10. Crazy Face and Chen Sheng are estranged because their deceased mother gave Chen Sheng the family house. Furthermore, Chen Sheng is angry at Crazy Face because of his neglect of Wei Wei;
11. Guanglian, the woman in medical practice with Chen Sheng, asks her partner to track down her former lover, Lin Airen, and give him a casette tape and, also, a batik shirt;
12. Lin Airen is thought to be living in Zhenyuan, the Miao village – he is said to be old and sick;
13. Chen Sheng accuses Crazy Face of evading his responsibilities to Wei Wei and, in fact, says that Crazy Face sold the child to Monk and that the boy is living with Monk in Zhenyuan.
14. So Chen Sheng sets out on a road trip to go to Zhenyuan via Dangmai for two purposes: first, to find Lin Airen and give him the shirt and cassette tape, gifts from Guanglian; and, second, to retrieve Wei Wei from Monk.
Titles
Bi Gan’s titles for his films are curiously allusive and unhelpful. He initially called Kaili Blues, The Book of Disquiet after the volume of prose poems by the Portuguese poet, Fernando Pessoa. He wrote the script to the film now called A Long Day’s Journey into Night under the title Roadside Picnic. Roadside Picnic is the name of the novel by Alexander Strugasky that was adapted by Tarkovsky (very loosely) into the film Stalker. He decided to release Kaili Blues under the Chinese name Roadside Picnic –this was because Bi Gan’s book of poems, nine of which are read in the film, was published under the title Roadside Picnic (Lo bien ye can in Mandarin). “Because of this decision,” Bi Gan says, “I had to call my next film A Long Day’s Journey into Night”, although the Chinese name for the film is The Book of Disquiet.” This suggests that we shouldn’t devote too much critical energy to deciphering the relationship between Bi Gan’s titles and his films – the titles seem to be simply allusions to books that he is reading or admires. A Long Day’s Journey into Night, of course, is the title of a play by Eugene O’Neill (1941-1942, first published in 1956) which seems to have nothing whatsoever to do with the Chinese film of that same name directed by Bi Gan and released in the United States this year.
Poetry and Time
What is Kaili Blues about? Many years ago, the Italian film maker Pier Paolo Pasolini wrote an essay on cinema and poetry. (Pasolini was also an important Italian poet.) Pasolini said that film is absolutely objective and absolutely subjective – by this he meant that the camera is always recording a real thing in real light and real space, but that the selection of the thing to be photographed and the way the image was edited into the film’s continuity was wholly subjective. Film’s subjectivity in marshaling into real objects into pictograms or ideograms (that is, constellations of juxtaposed images) is poetic. In this respect, Pasolini’s ideas comported with many of the theories underlying modernist poetry in English – William Carlos Williams famously proclaimed that there are “no ideas but in things” and Ezra Pound as well as T. S. Eliot and Marianne Moore created a verse comprised of citations, fragments of prose and verse, arranged to create ideograms. Bi Gan, also a published poet, devises his film as a sequence of indelibly tangible images that, nonetheless, are suffused in a poetic atmosphere. Kaili Blues is about trains, watches, tunnels, dripping water, batik fabric, disco balls, humidity and rain fall – these are the elements from which the film is constructed. But Kaili Blues is about the poetry of these objectively real things displayed against a luminous background of impenetrable enigma – the things in the world are everywhere present to us, but they can’t quite be grasped.
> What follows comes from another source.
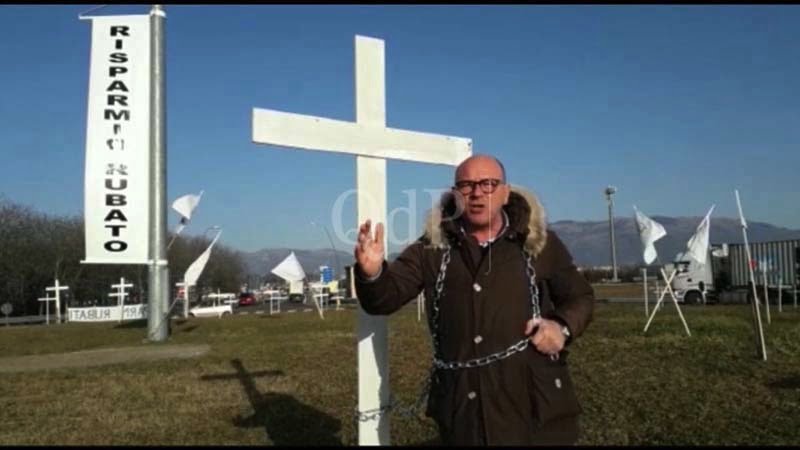 Proprio cento croci bianche, non una di meno, con un lumino acceso a memoria dei suicidi causati dal crack delle banche venete. E oggi Susin, artigiano locale, si è incatenato e ha distribuito volantini ai numerosi automobilisti in transito.

In his book, The Red and the Black, Stendhal says that the novelist uses prose like a man carrying a mirror through the countryside. The novelist writes in order to reflect reality. Bi Gan adjusts this image to warp and fracture his mirror into a reflective disco ball – an emblematic image often shown in Kaili Blues. The disco ball reflects reality but shatters it into innumerable prismatic shards – the world is reflected in a discontinuous series of broken images. Poetry and memory assemble these scattered reflections of a world into a structure that makes meaning. There are many different ways of assembling the prismatic fragments of memory – we can construct a diagram of the past, that is, decrypting the shards into a narrative; we can devise plots that explicate, justify, or defend our actions; or we can make poetry (and reverie or dreams) out of these broken shards of reality. Bi Gan typically opts for an order that does not explicate – this is the order of poetry. He opts to reconstitute memory into a poetry that simulates, in some ways, dream. More accurately, Bi Gan is interested in the transitional half-lit zone where memory becomes dream or memory becomes poetry. “Cinema is too realistic for dream sequences,” Bi Gan has said. “Dream sequences seem phony. I’m interested in the transitions from dream to reality.”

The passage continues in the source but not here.